The Plymouth colony nearly all died in their first couple of years, even after happening onto cleared fileds left by people who had all died in an epidemic. The Virginia Colony also survived mainly through charity from the local people, an that was in lush country. there you go - whatever agricultural expertise they might have brought from Europe would have been about worthless in Virginia. Nothing they knew would have grown anyway. What they needed was some peasants who might have been able to figure out what weeds were and weren't edible, and who knew how to poach deer and rabbits. None of those useless "gentlemen" had any idea.

There is a huge survivalist literature that goes into minute detail on just what skills are needed to get through Y2K or whatever. Competence in calculus or Tang poets don't rank very high.

Venu S

[retarded blogroach splatted]

Abiola Lapite

Run along back to your little board for retarded Neo-Nazis, "Venu S", your fellow retard "eufrenio" is missing your company.
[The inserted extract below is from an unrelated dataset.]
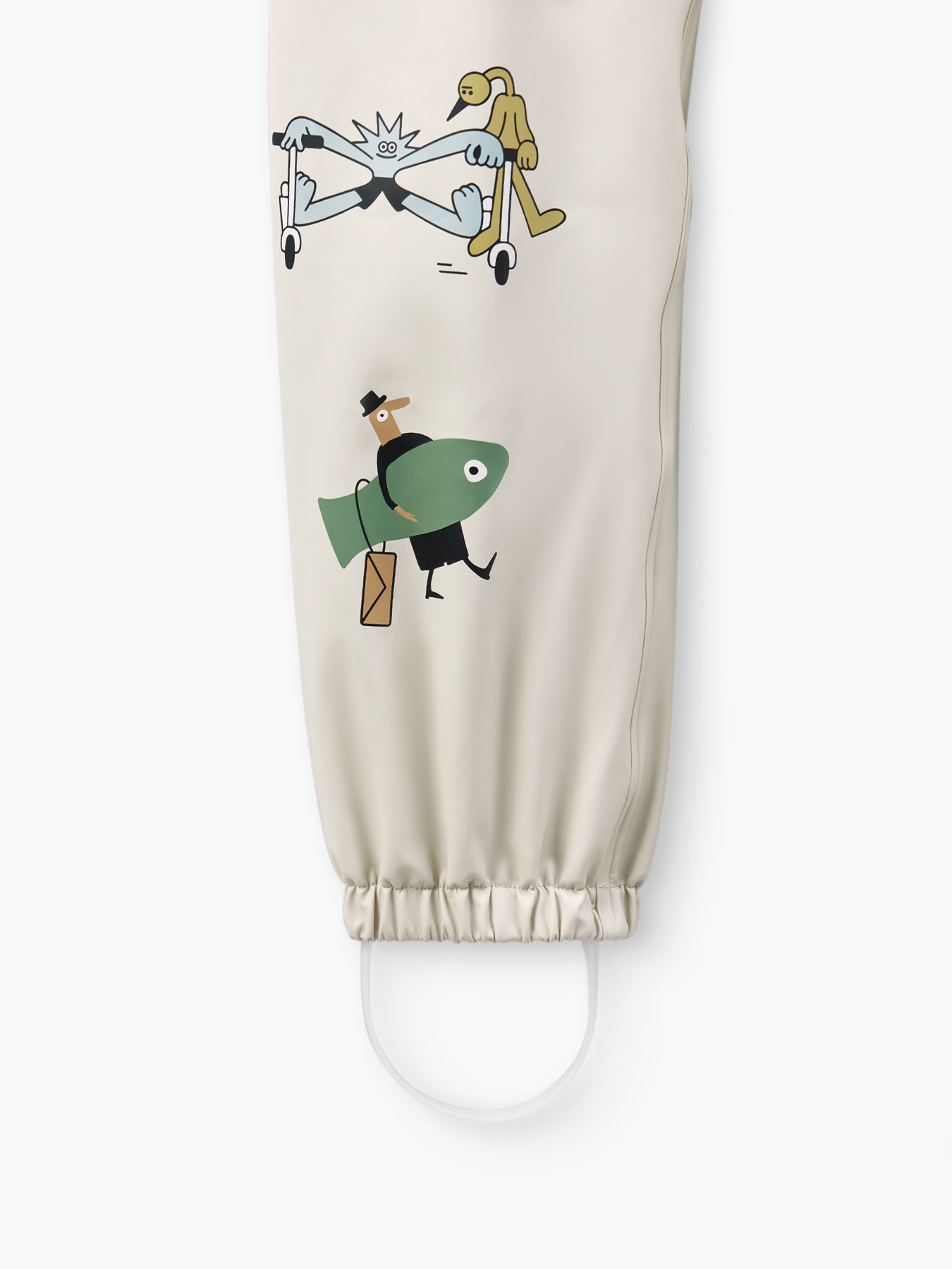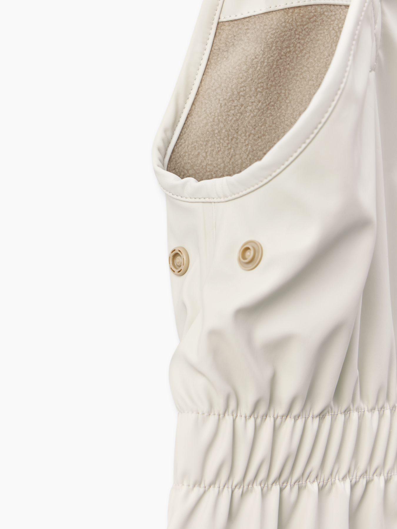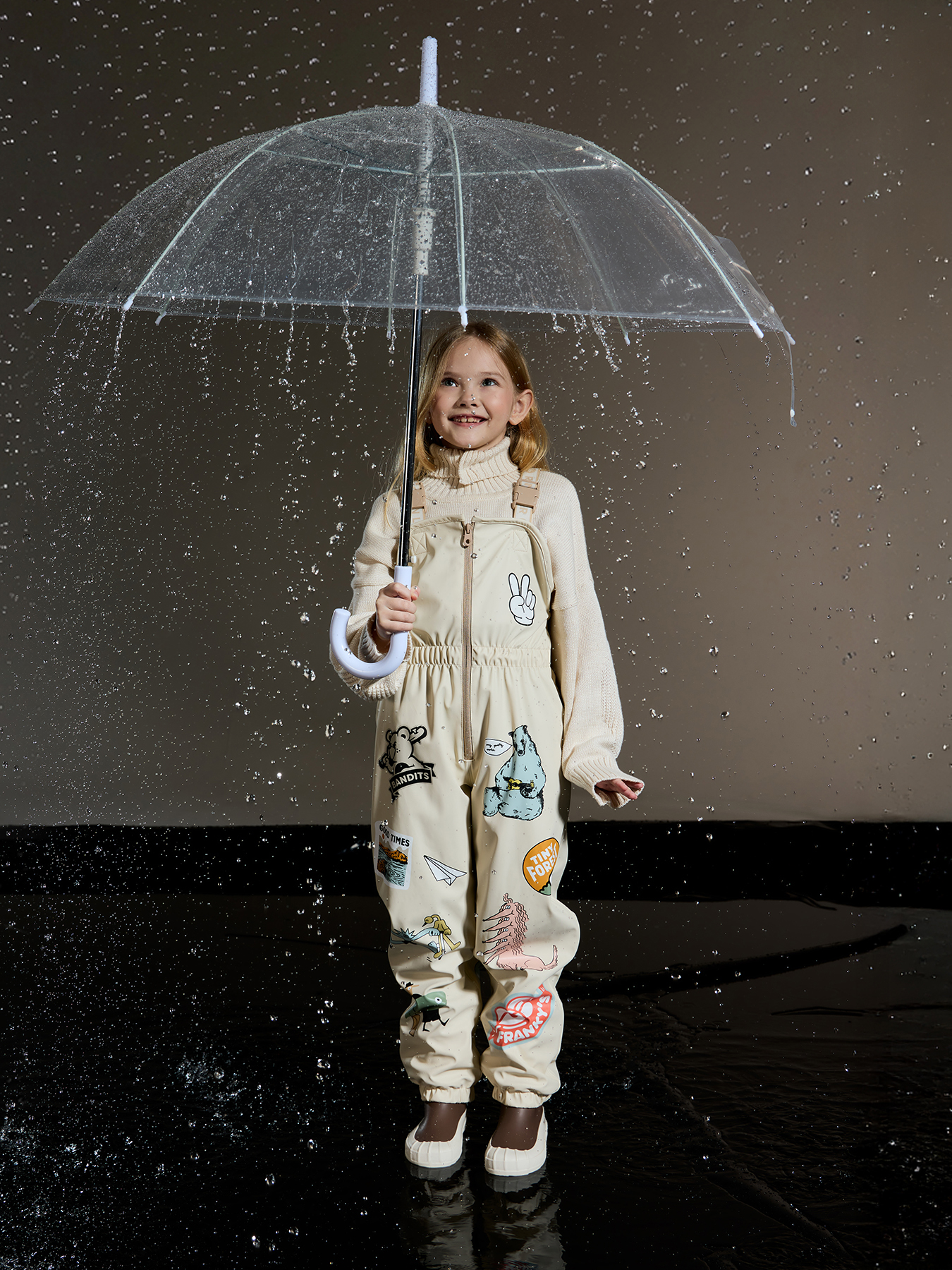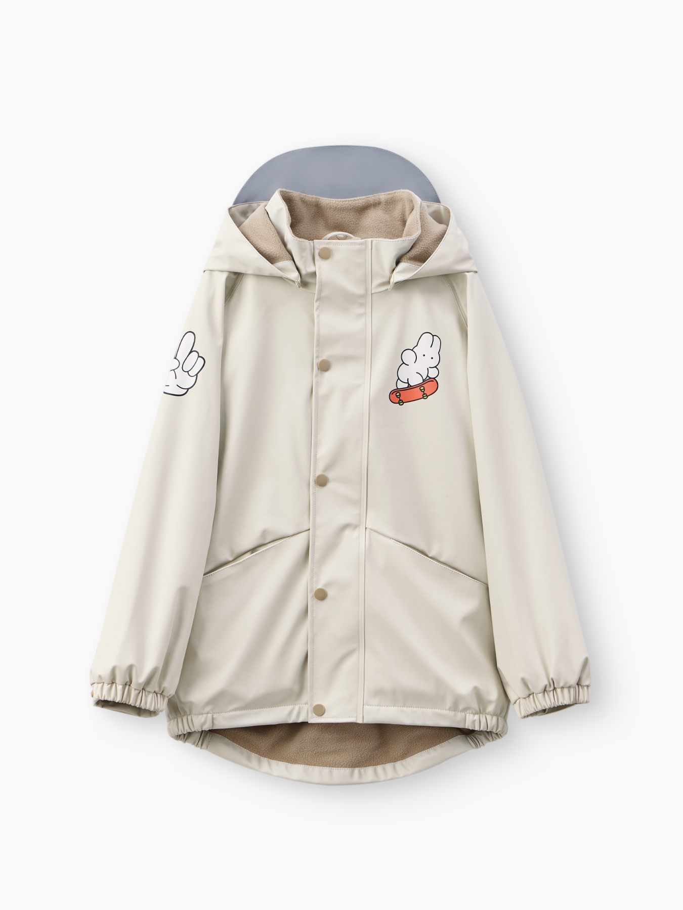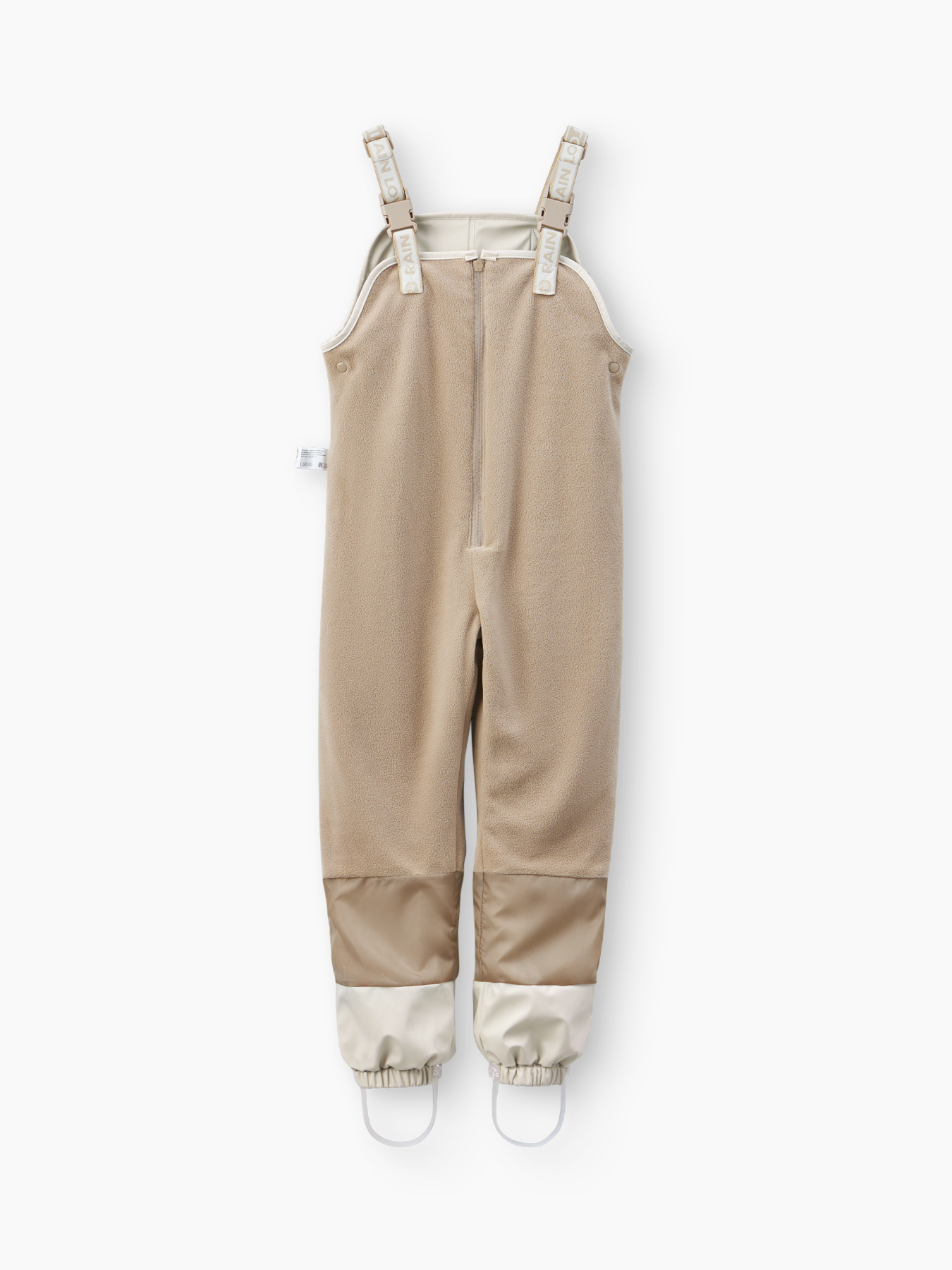 Непромокаемый комплект позволит весело гулять в любую погоду. Сверху – водонепроницаемая ткань с показателем 5000 мм, внутри – мягкий флис, который приятен коже и не даёт малышу вспотеть. На брюках и куртке есть светоотражатели для безопасности прогулок в вечернее время. У полукомбинезона регулируемые лямки. Удобная застёжка – молния спереди – позволяет быстро надевать и снимать брюки. Эластичная резинка на талии обеспечивает правильную посадку и дополнительную защиту от ветра. Куртка свободного кроя с капюшоном снабжена планкой, закрывающей молнию, и манжетами на резинке – чтобы гулять было тепло и комфортно. Материал, из которого изготовлен комплект, прост в уходе и быстро сохнет.

Ah, the internet, where even subliterate idiots get to be nuisances to people far above them in learning and intelligence!

Andrew

"And you can hardly expect to start farming on virgin soil the first day."

I would hope that if we have the technology to fly to another planet, we could also have technology to grow food in an artificial environment. (I am assuming that you need life support along the way?) As for the Pilgrims and Virginia colonists, futuristic space-traveling technology is surely more advanced than 17th century English agriculture... But, yes, point taken that generalists will be better than specialists!

NuSapiens

What kind of stuff do they get to bring?

Abiola Lapite

"What kind of stuff do they get to bring?"

I don't know that this matters too much, as it will eventually break, burn out, rust or crumple away, and the society wouldn't be large enough to support a highly specialized repair industry.

dsquared

If you're bringing along three physicists and then planning to tell them that one of them is going to have to spend most of his time doing civil engineering work and one of the others is going to have to be a consultant mathematician and statistician to all sorts of other projects, I suspect that you will need a lawyer after all!

Abiola Lapite

"I suspect that you will need a lawyer after all!"

Ah, but you're approaching the problem from the
sociological angle, which I failed to address.